A word-for-word copy of the data is what's wanted, with no pictures.

::: Recorded data

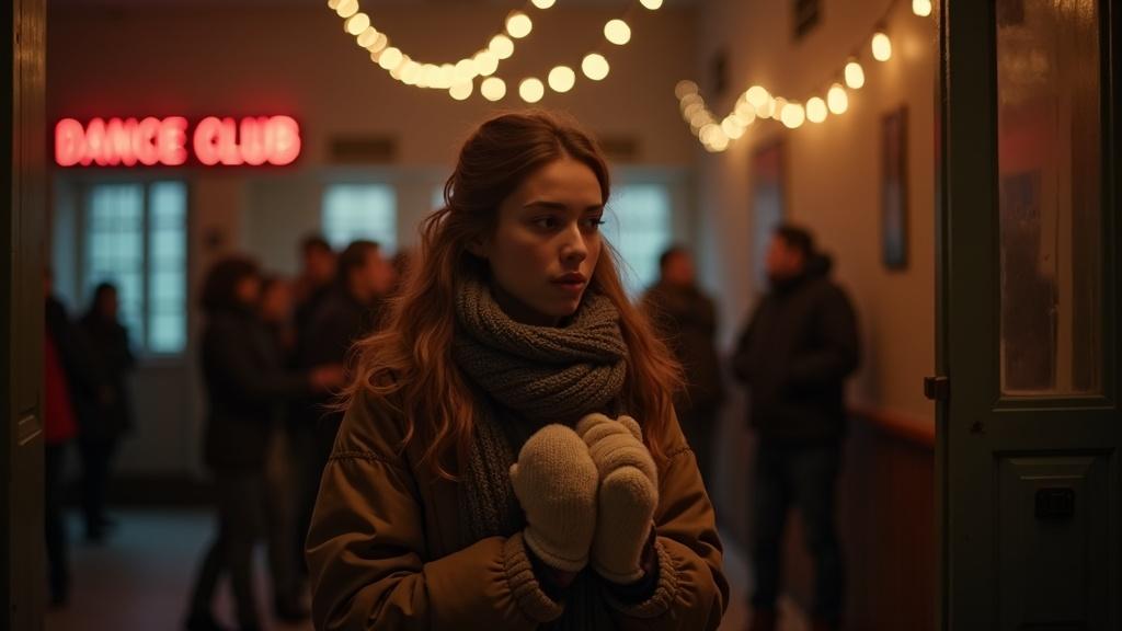 Валентина стояла у двери зала, прижимая к груди вязаные варежки. Вокруг гудели приглушённые голоса, из глубины доносилась музыка, будто сквозь толщу снега. Она медлила, переводя взгляд с обшарпанной таблички «Танцевальный кружок» на свои ботинки, на носках которых виднелись белёсые разводы от соли. Внутри всё сжималось: зачем она пришла сюда, в этот дом культуры, где в раздевалке смешивались запахи зимних шуб и чужих духов? Она задержала дыхание, ощущая, как шерстяной шарф давит на шею, и, наконец, решилась — шагнула внутрь.
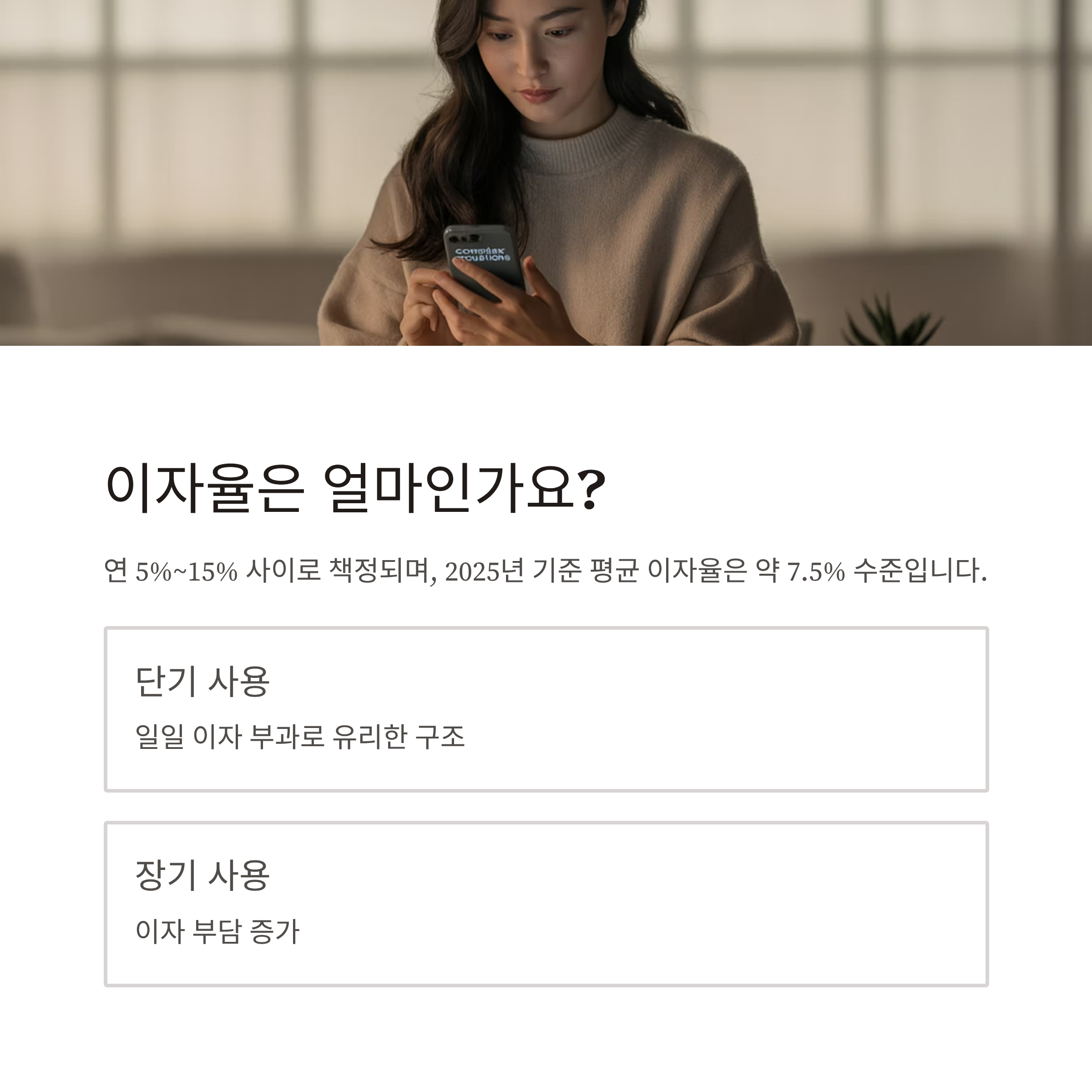 2025년 기준 평균 이자율은 약 7.5% 수준으로, 긴급 자금 수요에는 적절한 수준으로 평가됩니다.
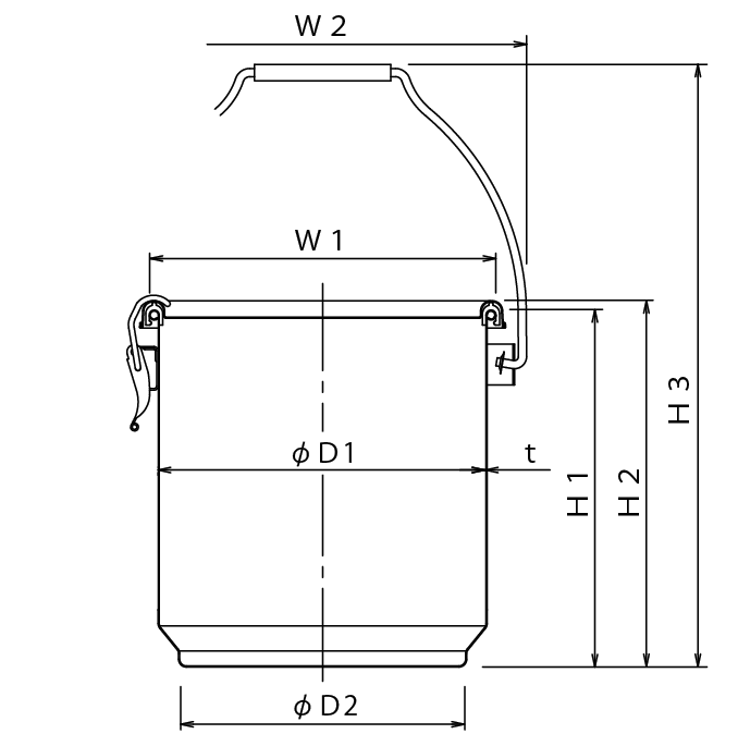 | 型式 | 容量 | 重量 | 内径 | 底径 | 容器外径 | 全幅 | 内高 | 容器高 | 全高 | クリップ | 板厚 | パッキン | パッキン | 納期 |

::::::

__Final answer__.
 Валентина стояла у двери зала, прижимая к груди вязаные варежки. Вокруг гудели приглушённые голоса, из глубины доносилась музыка, будто сквозь толщу снега. Она медлила, переводя взгляд с обшарпанной таблички «Танцевальный кружок» на свои ботинки, на носках которых виднелись белёсые разводы от соли. Внутри всё сжималось: зачем она пришла сюда, в этот дом культуры, где в раздевалке смешивались запахи зимних шуб и чужих духов? Она задержала дыхание, ощущая, как шерстяной шарф давит на шею, и, наконец, решилась — шагнула внутрь.
 2025년 기준 평균 이자율은 약 7.5% 수준으로, 긴급 자금 수요에는 적절한 수준으로 평가됩니다.
 | 型式 | 容量 | 重量 | 内径 | 底径 | 容器外径 | 全幅 | 内高 | 容器高 | 全高 | クリップ | 板厚 | パッキン | パッキン | 納期 |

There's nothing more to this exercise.